Monday, September 14, 2020

Strange Times?

So, in good news in Level 2, we held our Zoom Synod business sessions on Friday, 9am to 5.20 pm (with breaks) and everything went along very well, including passing some needed legislation and making some helpful-going-forward resolutions.

I imagine many Synod members enjoyed a Saturday break (diaries otherwise having committed us to being at the physical Synod had it gone ahead) and it is always a good day in the garden when at the end of it tomatoes have been planted in our glasshouse, fingers crossed that some fruit might appear in time for Christmas. (Potatoes having already been planted!)

Meanwhile, NZ continues (with much of the world) to grapple with Covid-19, and as I write we remain in Level 2 (or Level 2.5 up in Auckland), waiting to see what the Government will announce today re a possible change in levels.

Along the way of this national and global saga, we have had an interesting ecclesiastical-national saga: a church in Auckland, the Mt Roskill Evangelical Fellowship, has been the centre of an Auckland "sub-cluster" with - it appears, according to news reports - some initial hesitations re submitting to tests and some careless practice re not socially isolating due to (in my words) not accepting the scientific basis for authorities requesting tests and requiring isolation as the first members of the church were diagnosed with the virus. 

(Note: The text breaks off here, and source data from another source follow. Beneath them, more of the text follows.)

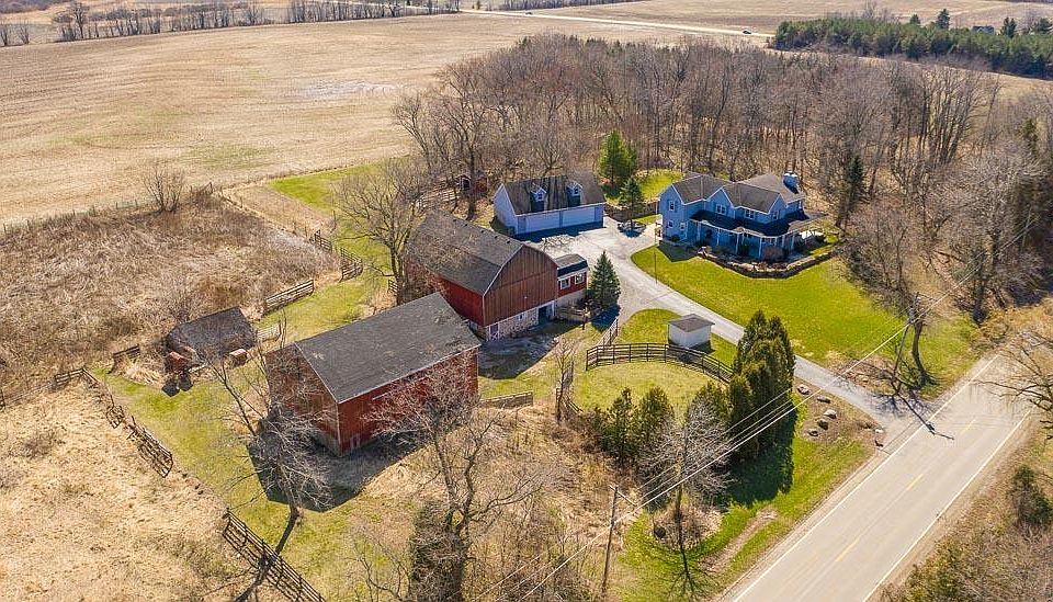 Country living at its finest! 5 acre hobby horse farm with beautiful farm house, 2 barns with horse stables, and giant 4.5 car garage! Wrap around porch invites you to sit and look over your gorgeous parcel of land. Entering this home takes you into a huge connected living room/ family room with natural fireplace. Kitchen and dining room provide plenty of space for a large dining room table for entertaining family or friends. Upstairs consists of large landing/office, 4 full bedrooms and beautiful bathroom. Hot tub room upstairs is plumbed and ready! Access to second floor deck from upstairs bedroom. Barns, sheds, and garage means plenty of room for all your toys!! New furnace and AC 2018, Chimney rebuilt 2019, new roof on barn!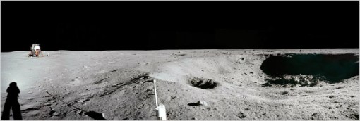MOONSCAPE The Sea of Tranquillity and its gaping craters dwarfed the shadow of Neil Armstrong at lower left. The Eagle lander is in the background.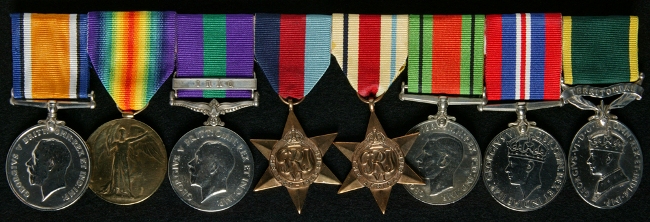 (L to R) British War Medal; Allied Victory Medal; General Service Medal 1918-62 with clasp 'Iraq'; 1939-45 Star; Africa Star; 1939-45 Defence Medal; 1939-45 War Medal; Efficiency Medal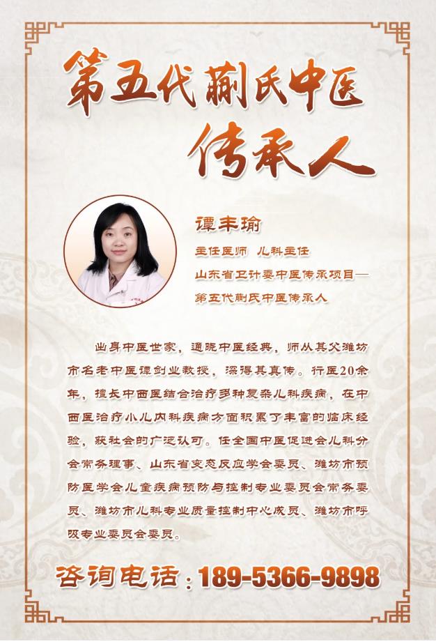 山東省衛(wèi)計(jì)委中醫(yī)傳承項(xiàng)目“第五代蒯式中醫(yī)傳承人”、兒科主任——譚豐瑜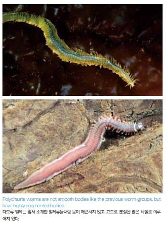 체절동물(Segmented worms)이라고도 알려져 있는 환형동물에 는 앞서 언급하였듯이 여러 부류가 있다. 첫 번째가 다모류(多毛 類, Polychaetes)다. 이들 벌레의 이름은 몸의 많은 체절 각각에 두 쌍의 측족(側足, parapodia)과 여기에서 돌출된 뻣뻣한 키틴질 털 인 강모(剛毛, setae)가 있는 해부구조를 하고 있는 데서 유래한 다. 이러한 강모가 있어 이들은 단단하거나 부드러운 기질에서 모 두 자유로이 이동할 수 있다. 일부 종은 유영 능력이 뛰어나기도 하다. 또한 강모는 방어기능을 할 수도 있다. 왕털갯지렁이(Bobbit worm)처럼 일부 종에서는 턱 및 입 구조물이 잘 발달되어 있다.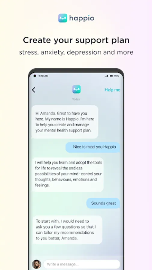Check-in with the Happio Chat Bot for that extra boost of guidance.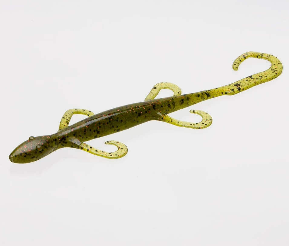 Vinilo con forma de lagarto de 203 milímetros de la marca Zoom modelo Magnum Lizard en color verde con pintas rojas y negras. Es una lagartija de cuerpo delgado con patas que se mueven libremente y cola rizada. Está impregnado de sal.
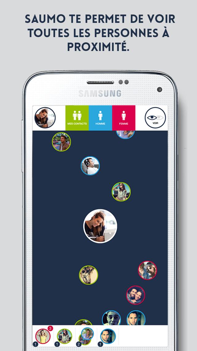 Saumoあなたがあなたの現在の瞬間を完全に生きることを提案します。どうやって?あなたのスマートフォンに具体化することで、あなたが本当にあなたの周りに本当に見ることができるすべての人々を! (100メートルの周辺)

For a couple of commentaries on the situation, from a source I do not think I have ever cited before, The Daily Blog (one of NZ's premiere political commentary blogs, albeit "leftist"), here is Curwen Ares Rolinson and there is Chris Trotter.

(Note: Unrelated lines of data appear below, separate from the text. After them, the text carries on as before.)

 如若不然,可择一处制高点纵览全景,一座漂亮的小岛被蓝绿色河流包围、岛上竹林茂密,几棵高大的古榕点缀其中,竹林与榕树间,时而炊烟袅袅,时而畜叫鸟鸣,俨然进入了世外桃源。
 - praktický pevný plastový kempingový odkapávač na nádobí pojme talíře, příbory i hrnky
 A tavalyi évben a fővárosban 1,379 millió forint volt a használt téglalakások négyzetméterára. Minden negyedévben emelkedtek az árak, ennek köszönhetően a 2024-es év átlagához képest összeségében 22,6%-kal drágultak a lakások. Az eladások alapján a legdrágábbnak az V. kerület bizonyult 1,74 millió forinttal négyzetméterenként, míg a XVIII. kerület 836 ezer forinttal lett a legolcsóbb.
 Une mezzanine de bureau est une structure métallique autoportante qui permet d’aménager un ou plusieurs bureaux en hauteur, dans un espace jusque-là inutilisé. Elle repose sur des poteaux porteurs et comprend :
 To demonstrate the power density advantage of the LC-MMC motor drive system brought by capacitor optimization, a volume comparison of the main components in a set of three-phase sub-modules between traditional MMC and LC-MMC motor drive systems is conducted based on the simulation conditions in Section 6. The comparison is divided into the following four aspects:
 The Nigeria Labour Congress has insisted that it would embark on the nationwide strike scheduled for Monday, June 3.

We are seeing, it would seem, some unfortunate fruit of a development in evangelical Christianity which has affected to disdain the reliability of science - a development which may well have at its foundation a scepticism about evolution.

Incidentally, after initial reluctance it appears that everyone connected to this church is on board with the need to be tested and to socially isolated until this transmission hotspot has cooled down.

But some damage has been done. As Christians around me are observing: the impact of the story of this one church is that all churches are tarred by their brush, whether or not we claim to have kosher scientific credentials. 

On the one hand, we might recognise that no church is "independent" of other churches. We all represent Christianity, we are all ambassadors for Christ and witnesses to the gospel. When one church - even an independent church such as this one - hits the headlines for reasons not praiseworthy, all of NZ Christianity suffers.

On the other hand, we might also recognise - in line with comments worth pondering made to the post below this - the importance of continually understanding what the gospel actually is? What did Christ do and what did he teach? What is God's purpose for us and meaning for our lives according to God's purposes in Christ?

These are "strange times" but the church always lives in strange times and it has always needed to work out what the gospel is and how it should be communicated in strange times.

9 comments:

Craig L said...

Yes - a tricky one this. Interesting in that I was talking to someone over the weekend who had heard from a fairly reliable source that some of the problem particularly around not disclosing contacts was nothing around religion or views on science at all, but that some potential contacts were not legally supposed to be in New Zealand (ie overstayers). So I guess this may have taken a bit of working through in terms of dealing with the community and keeping their trust.

Father Ron said...

Thank you, Bishop Peter, for providing the 2 rather different views on the Mount Roskill Evangelical Church's role in the current COVID situation. It would appear that they are not the only ones to protest against our country's need to question the need to guard against the effects of the pandemic - as witness the crowd who took it upon themselves to protest against the science in Queen St., Auckland.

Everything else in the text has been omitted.